Take down the F-pattern

Every day, there are approximately two million blog posts that are put on the web and over one trillion pages across the worldwide web. Needless to say, we’ve got a ton of reading to do. The human brain instantly was turned away from having to do all of that reading and the dreaded f-pattern came to life.

Now that we are aware of how detrimental the f-pattern can be, our team at Adapting Social crafted the perfect plan to take it down.

Step 1: Stop imagining that users are reading every last bit and piece of information that you provide them with. Give them straightforward and easy to understand the content.

Step 2: The two first paragraphs are everything. Provide them with information that is engaging and consistent so that they are inspired to read it all.

Step 3: Bullet points, subheadings, and paragraphs make reading much more tolerable.

Tracking with a heat map

Depending on what your overall goal is, one of these three options will easily work for you.

• In order to see where your visitors are looking, you can use eye-tracking tools. There has been a ton of research showing that eye movement and the movement of a mouse cursor is highly correlated. This can allow you to monitor what portions of your design are drawing in the eyes of potential customers and where you can implement more information. This will enhance the experience that your users have.

• Want to know what areas of your website work and what areas don’t? Utilize click-tracking tools. The clicking can be on a button, image, or text that is actually a link. The enchantment of this lies in the fact that you can immediately insert a link where people click the most. Without a click-tracking map, there is no way for you to know where people are clicking!

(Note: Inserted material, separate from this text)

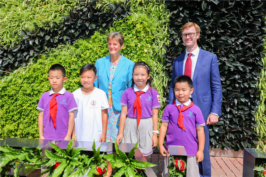 Students from the AY Academy participate in a tree-plating activity with Barbara Woodward (left), the UK ambassador to China, on Sept 17, 2019. [Photo provided to chinadaily.com.cn]

• Blindly scrolling around on a page is common, so to show where most of this scrolling is taking place you can utilize a scroll heat map. A scroll map will allow a user to visualize what kind of behavior your visitors have. This will show if they spend a lot of time on the top of your page, in the middle, and if users eventually scroll to the bottom.

Heat maps and marketing

Heat mapping tools will give you an image worth a thousand-paper report. This map will be easier to explain to your entire marketing team about how your page or ad is working, what needs to be enhanced, and what just flat out is not working.

A. The Call-to-Action

Imagine this, you installed a call-to-action button or banner right on your website and it just is not converting the way that you would want because there are just way too many distractions on your website. Do people flat out ignore your call-to-action, or do they just click somewhere else instead? The proof lies within your heat map. A potential way to avoid this is to just redesign your page based on the results of your map.

B. Directional Cues

In banner advertising, it is not just a background image; it is a background image that will directly benefit your call-to-action.

When it comes to taking your marketing to the next level, you always want to make the most out of your website, campaigns, and advertisements. A fantastic way to visualize how these components are doing is by tracking information through heat mapping. At Adapting Social, we believe in utilizing any tools available in order to obtain information from visitors to maximize their experiences.